The clinical task we are faced with is not an abstract exercise in the variable potencies of different opioid molecules averaged across the human population, instead it’s a practical task of How do I safely switch this patient’s opioids? Safely means two things here: that the patient does not have significant sedation from the switch nor a major worsening of their pain. I do think what I’m arguing here is more than semantics—that going from equianalgesia to ‘methods of safe switching’ is not just me renaming it. It is a significant conceptual frame shift in this critical and common.

Using a concept like ‘equianalgesia’ promotes this idea that there’s a “right answer” to the question of “If I’m switching someone from 100 mg of morphine in a day to IV hydromorphone how much hydromorphone do I prescribe?”

My proposal is there isn’t a right answer. It is not a helpful goal or concept and we need to move onto the more salient task of switching safely. That framework focuses us on a practical clinical task. From talking to colleagues, many of us who prescribe methadone and buprenorphine long ago moved on from any idea that it was our task to somehow divine the ‘equianalgesic’ dose of methadone from another opioid. Instead, we have a protocol to make the switch, the protocol works (‘is safe’), all is well with the world. My proposal here is that this is how we conceptualize all opioid conversions.

3) We must start emphasizing that the absolute dose of opioids involved matters for safe switching.

Stepping back from the finer points of what conversion ratios we should be using for opioids—honestly, if what you’re talking about is doses in the range, say, of 40 mg of oral morphine, I don’t really think it matters what ratios you use to switch. Frankly, it probably doesn’t matter much if you reduce further for safety or not.

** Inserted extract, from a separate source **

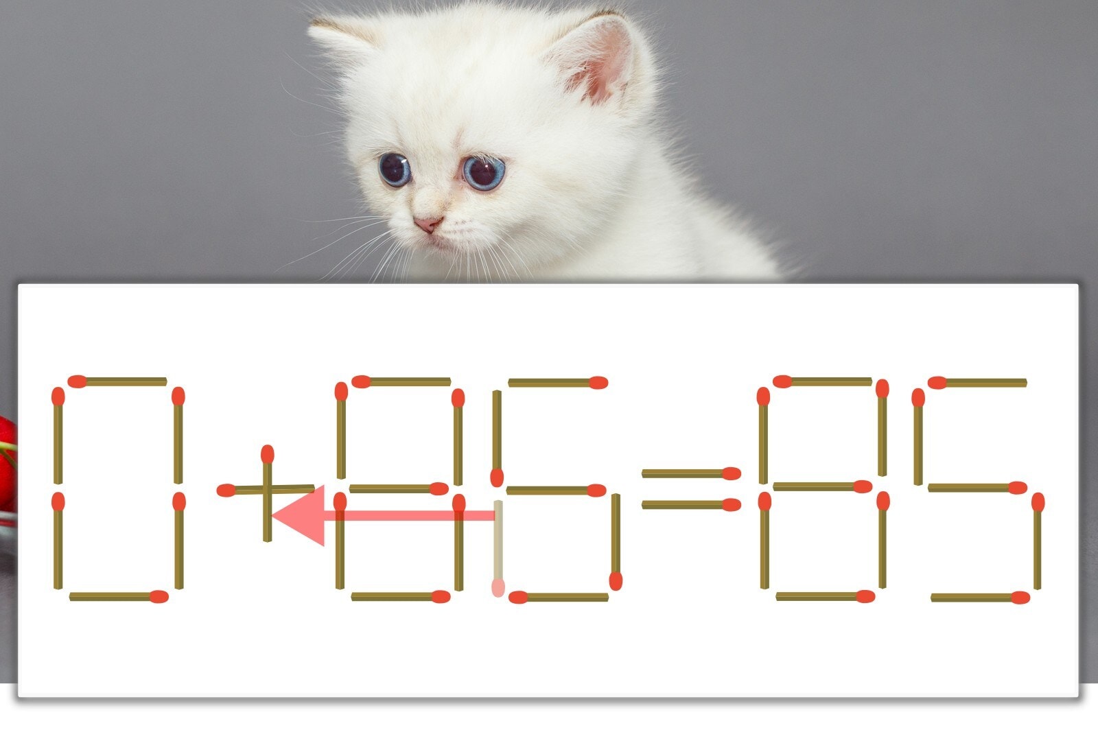 「6」を別の数字に変化させると答えが導き出せます。「6」のマッチ棒を1本移動して、「-」を「+」にしてみましょう。すると、「0+85=85」が成立します。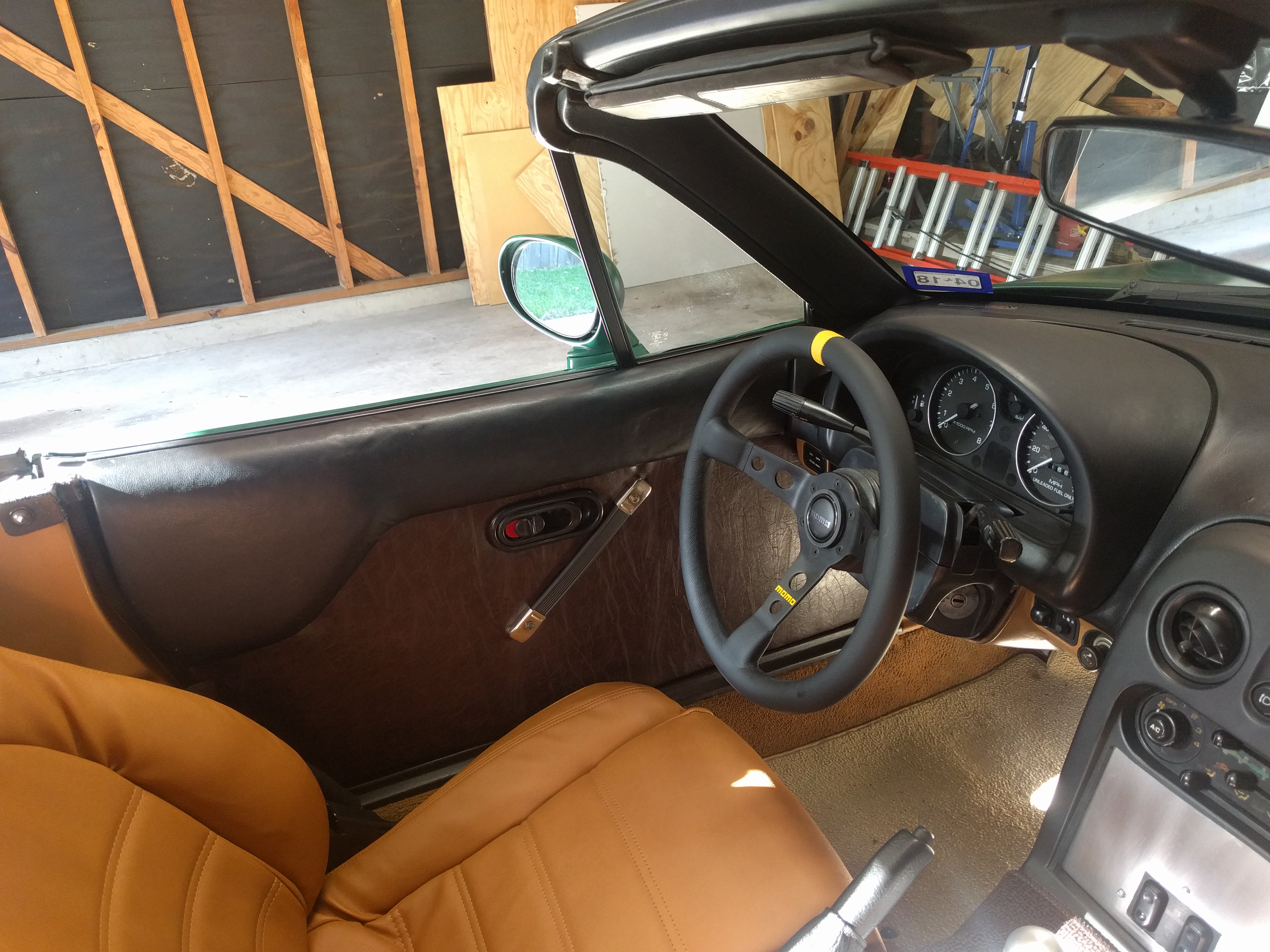 Did a little clean up on the interior: Ebay seat reupholstry (worked well for like $120), new soft top, console delete, radio delete, power window switch relocate, airbag delete, momo wheel and hub. Door card restore. Doing a retro thing.

Consider someone is on 40 mg a day of morphine PO. You want to put them on IV hydromorphone:

-- Classic EAT: divide by 20 to get 2 mg of IV hydromorphone

-- DOC2 Table: divide by 12.5 to get 3.2 mg of IV hydromorphone

If you reduce further for safety, presumably you’ll still get an answer about 1.2 mg apart between the 2 tables. Honestly, I don’t think the difference there is much of a safety concern. Both are fine. No opioid- tolerant patient became sedated or had a pain crisis because of a difference of 1.2 mg of IV hydromorphone over 24 hours; of course, the ‘fine-tuning’ might be a bit different, but as long as a patient had close follow-up the analgesic outcomes would be about the same too.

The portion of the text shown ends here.